There are a large number of simple sales—including my book orders on Amazon—that can and should be reduced to a transaction, even though adding a human to the transaction will give any company a distinct competitive advantage by providing a better client experience. But complex sales, those where the customer or client doesn’t make the decision often enough to know how best to make it, and where there are consequences for poor decisions, require a human being—and as often as not, a team.
In a drive to reduce costs, many sales organizations now use an SDR to do cold outreach, limiting their role and their interactions to “qualifying” prospective clients. These sales organizations provide an experience that mostly creates negative value: no one engages with a salesperson in hopes of being qualified, making it what be the worst of all opening gambits. SDRs are capable enough to handle the first conversation with a prospect.

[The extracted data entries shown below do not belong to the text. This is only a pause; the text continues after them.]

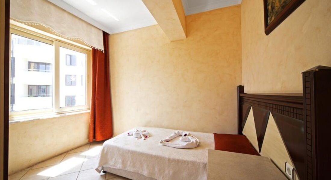 Спустя 3 месяца, но все же оставлю свой отзыв. В Турции были в первый раз (отдыхали вдвоем с подругой). Прилет был ранним утром (туроператор Интурист), по дороге из Даламана гид объяснила, что заселение в номер производится в 14 часов, по возможности заселят раньше. Вместе с нами было еще 7 человек, ожидающих заселение, всех разместили после 14. Номер получили нормальный без доплаты, с видом на проспект (не самый плохой, учитывая, что некоторые номера выходят во внутренний двор, где не очень-то и красиво). Питание немного огорчило, мы не привередливы в еде, в основном ели рис и овощи. Еды не много, каждый день одно и то же. Были фрукты-яблоки, арбуз, апельсины. Сладости - пирожные (очень сладкие). Из алкогольных напитков попробовали там только пиво (что-то безвкусное, не понравилось).Уборка была не каждый день, хотя, уходя мы вешали табличку, что необходимо убраться. На весь срок арендовали сейф, но наверное, можно было этого не делать, потом оставляли вещи и деньги в номере, ничего не пропало. Контингент туристов - очень разнообразный по национальностям, по возрасту- в основном это не молодежь.Море в минуте ходьбы, рядом с отелем общий бесплатный пляж (на нем нет лежаков). Мы ходили на другие пляжи, покупаешь напиток и спокойно отдыхаешь на лежаках. Море просто чудесное, заход плавный, галька. Примерно в 6-7 вечера солнце заходит и начинается ночная жизнь. А она в Мармарисе кипит. Множество предложений о бесплатном трансфере в клубы на БарСтрит и в Ичмелер, но мы ими не пользовались (наслушались отзывов соседок по отелю, которые были уже не в первый раз). Пешком по променаду от отеля до БарСтрит минут 30-40. Наверное, сложно однозначно оценить отель, ведь сколько людей, столько и мнений. Мы ехали в Марм отдыхать и наслаждаться морем, солнцем, ночной жизнью. Этого было вдоволь. На такие моменты, как недостаток разнообразия еды или напитков, мы не обращали внимание, поэтому отдых удался и впечатления остались самые положительные! Чего и желаю всем путешественникам!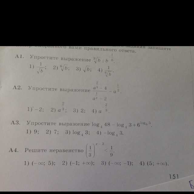 2/ (a^2/3-4)/(a^1/3-2)-a^1/3=(a^1/3-2)(a^1/3+2)/(a^1/3-2)-a^1/3=a^1/3+2-a^1/3=2 ответ 3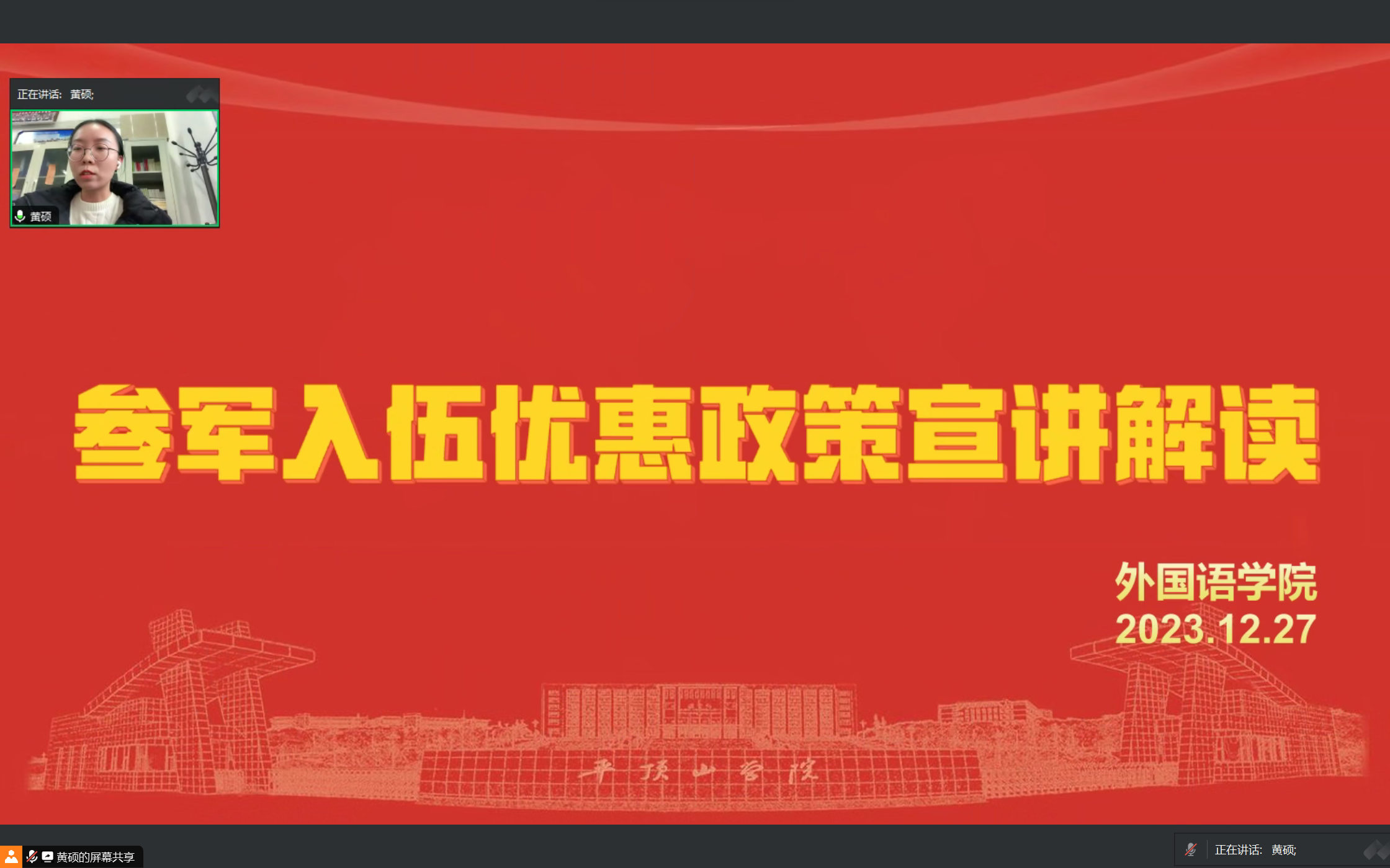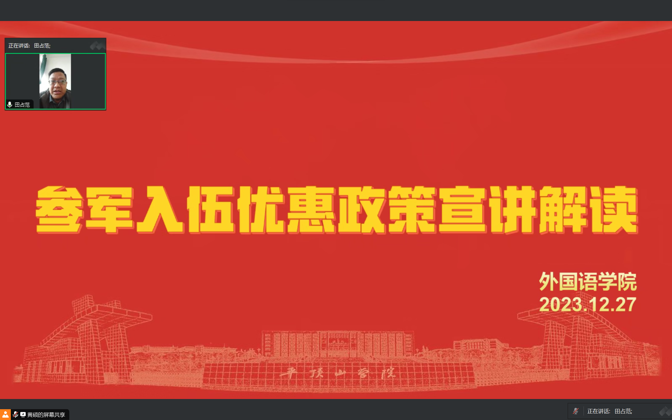 为积极响应国家征兵号召,进一步深化老员工对征兵工作的理解和认识,激励更多的员工主动参军入伍,12月27日上午,beats365于线上召开了参军入伍优惠政策宣讲会。本次宣讲会由公司党委副书记田占范和2020级辅导员黄硕主讲,2020级全体员工参加。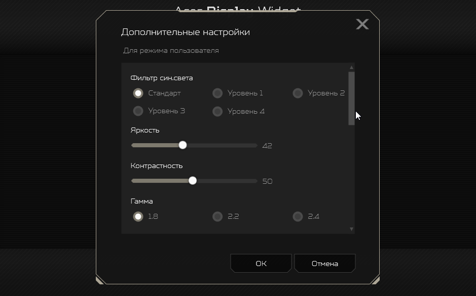 - Настройка монитора с помощью приложения Acer Display Widget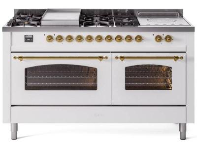 60" ILVE Nostalgie II Dual Fuel Liquid Propane Freestanding Range in White with Brass Trim - UP60FSN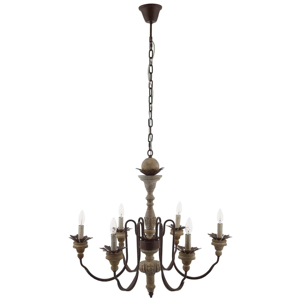 Elevate your home with the timeless elegance of the Bountiful Vintage French Pendant Ceiling Light Candelabra Chandelier. A vibrant addition to your living room, bedroom, foyer, or dining room, this modern farmhouse pendant light candelabra chandelier features sweeping metal arms, a beautifully carved natural wood center column, and candle-style light holders each surrounded by an ornate leaf design. Bountiful hangs from a 49" metal chain with a flush wall mount and grants chateau charm to your home. This rustic pendant light fixture requires six E12 25-watt light bulbs (not included). Set Includes: One - Bountiful Vintage French Pendant Ceiling Light Candelabra Chandelier Vintage French Candelabra Chandelier Distressed Solid Wood Frame Antique Metal Arms Needs 6 E12 25W Bulbs (not included) 49" Chain with Flush Wall Mount UL Listed and Approved Requires Professional Installation Overall Product Dimensions: 32.5"L x 32.5"W x 84.5"H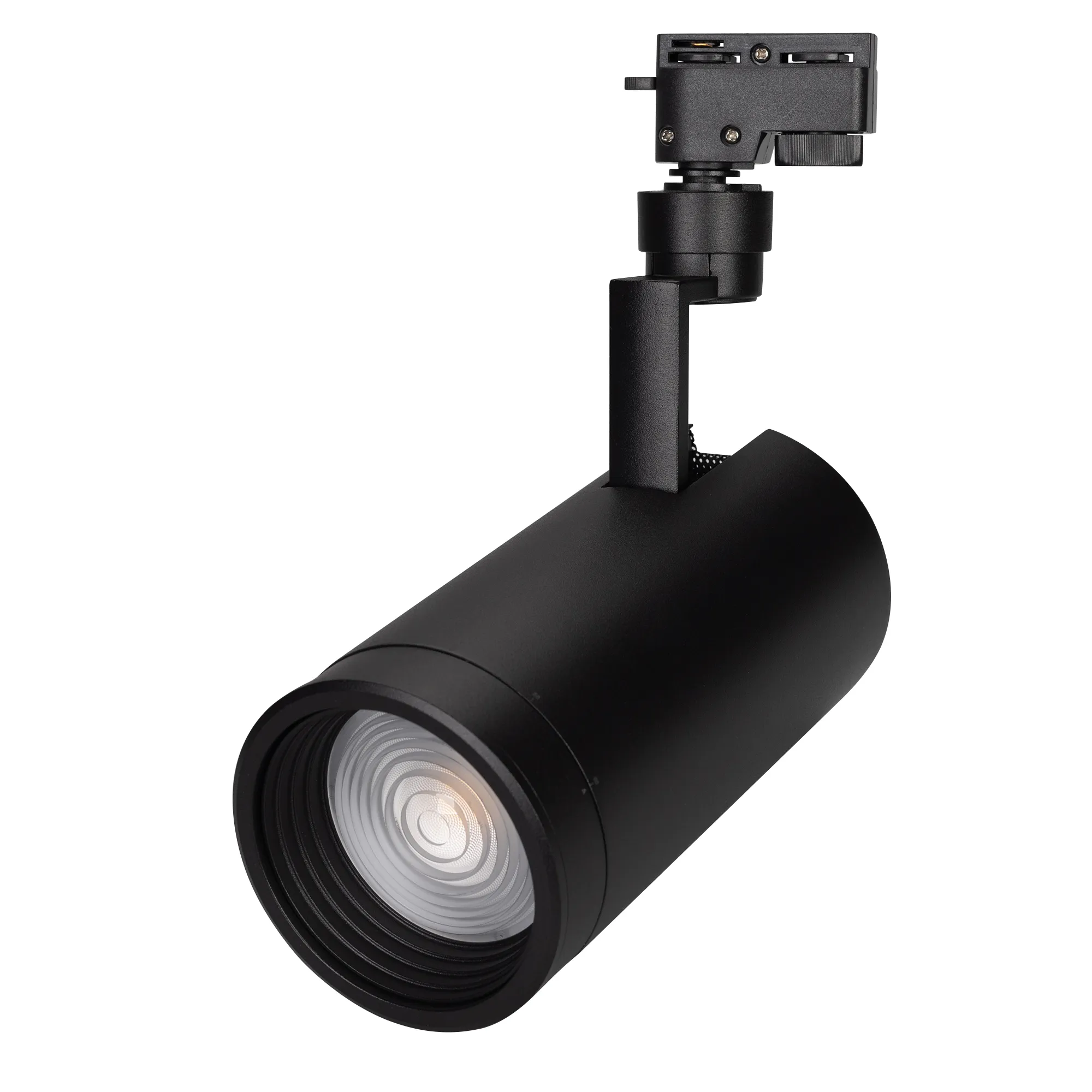 Поставка под заказ от 100 шт. Светильник подвесной для треков/шин 2 провода, 30Вт. Цвет свечения ДНЕВНОЙ 5000K, световой поток 2400-3000лм, регулируемый угол 20-60°, CRI>90. Корпус круглый, металл, цвет черный, IP20. Размеры DxHxL Ø100x220x180мм. Входное напряжение AC220-240V, мощность 30Вт. Драйвер встроенный (30-40V, 750mA).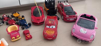 Gruppo di 26 macchinine: 2 serie Minions, 1 puffi, 6 morbide da bagno, 1 autoscala, 2 a molla, 1 antistress, 5 formula 1, macchinina, hot wheels, 4 macchinine telecomandate senza telecomando non funzionanti, 1 hello kitty, 1 snoopy.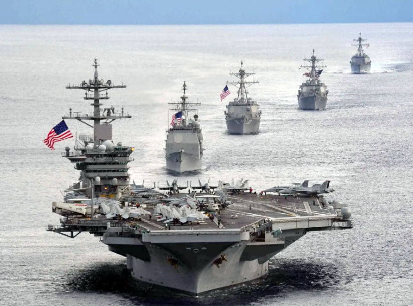 我们知道,一支典型的美军航母打击群,核心是一艘十万吨级核动力航母,配属1-2艘巡洋舰、3-4艘驱逐舰,外加水下至少1-2艘攻击型核潜艇。
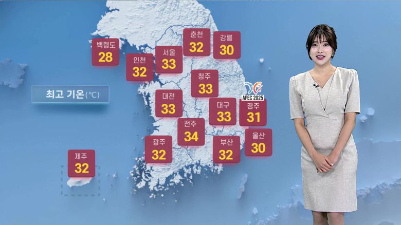 한낮에는 서울과 대구 33도, 전주 34도겠고, 수원과 창원 32도까지 오르겠습니다.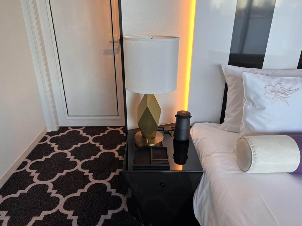 ベッドサイドにあるランプは、テーマとされるクリスタルデザインのよう。色が金色でエレガントな印象を与えますよね。空間に邪魔しないデザインがすてきです。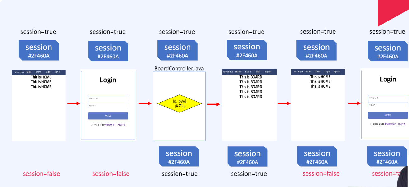 3.브라우저가 이 사이트의 페이지들에 접속할떄 마다 http 요청에 이 세션 키를 실어서 전송하고, 서버는 그 세션 키를 보고 "애는 얄코구나"를 인식해서 얄코의 정보들을 가공해서 응답을 보내준다.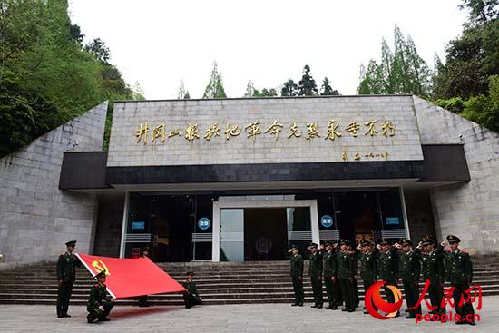 人民网井冈山5月10日电 (黄子娟、周勇敢)“弘扬井冈山精神,秉承先烈遗志,当好红色传人,永远做党和人民的忠诚卫士……”在井冈山革命烈士陵园,武警江西总队吉安支队井冈山中队官兵面对鲜红的党旗庄严宣誓,声声誓言响彻云霄。他们在这里深切缅怀革命先烈的丰功伟绩,接受精神洗礼。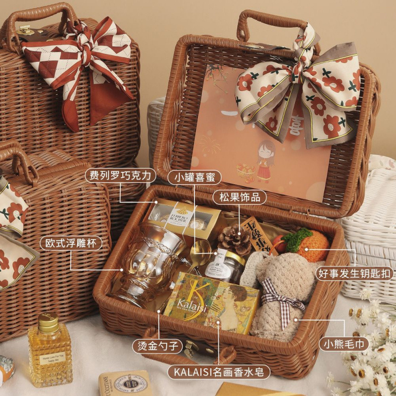 동반 행사 여성 신부 들러리 결혼식 실용적인 결혼식 하이 엔드 등나무 수제 바구니 신부 절묘한 선물 상자

Instead of providing a person who can create the level of value necessary for their prospect to engage with the salesperson, gain something from the interaction, and commit to a further conversation, these companies provide a sort of trip wire. The reason the client isn’t allowed to have a salesperson or a better conversation with an SDR is because it’s (allegedly) too expensive to provide the client with the right human being.
SDRs expect things like paychecks, benefits, and maybe an occasional expression of gratitude or recognition—something every algorithm can do without. Outside of electricity and a software license, in fact, you don’t need anything to have a fully automated sequence do cold outreach for you. Torpedo the reputation, full speed ahead! But hey, at least you’ll be efficient.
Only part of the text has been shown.